Similar findings were observed in a subsequent Canadian study of six ARFID cases (J Eat Disord. 2018;6:20). Five females and one male were treated with a combination of medical monitoring, family therapy, medication (including olanzapine, fluoxetine and in two cases, cyproheptadine), and CBT. At treatment termination, all six patients had achieved their goal weight.
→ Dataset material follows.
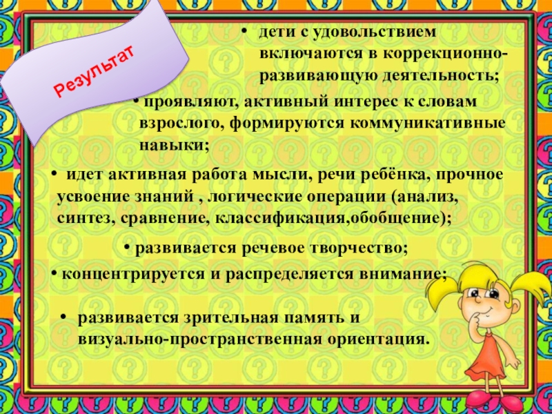 идет активная работа мысли, речи ребёнка, прочное усвоение знаний , логические операции (анализ, синтез, сравнение, классификация,обобщение);

At the University of California, San Diego, researchers led by Emily Gray, MD, conducted a retrospective chart review of six females and eight males with ARFID who ranged in age from 7 to 23 years. All but one of the 14 patients had a co-occurring diagnosis, including general anxiety disorder, social anxiety, unspecified anxiety, ADHD, major depressive disorder, and autism spectrum disorder (J Am Acad Child Adoles Psychiatry. 2018;57[4]:288-9). They were treated with mirtazapine at a dosing range of 7.5-45 mg per day. The average change in BMI per week rose from 0.10 BMI points per week pretreatment to 0.23 BMI points per week post-treatment (P less than .05).

“These cases illustrate that the judicious use of low-dose olanzapine, when used as an adjunct to other treatment modalities, may facilitate eating, weight gain, and the reduction of anxious, depressive, and cognitive symptoms,” said Dr. Brewerton, who also has a private practice in Charleston.

Dr. Brewerton disclosed that he is a consultant to Monte Nido & Affiliates and Sunovion. He receives royalties from Taylor & Francis and Springer-Verlag, and holds ownership interest in Monte Nido & Affiliates.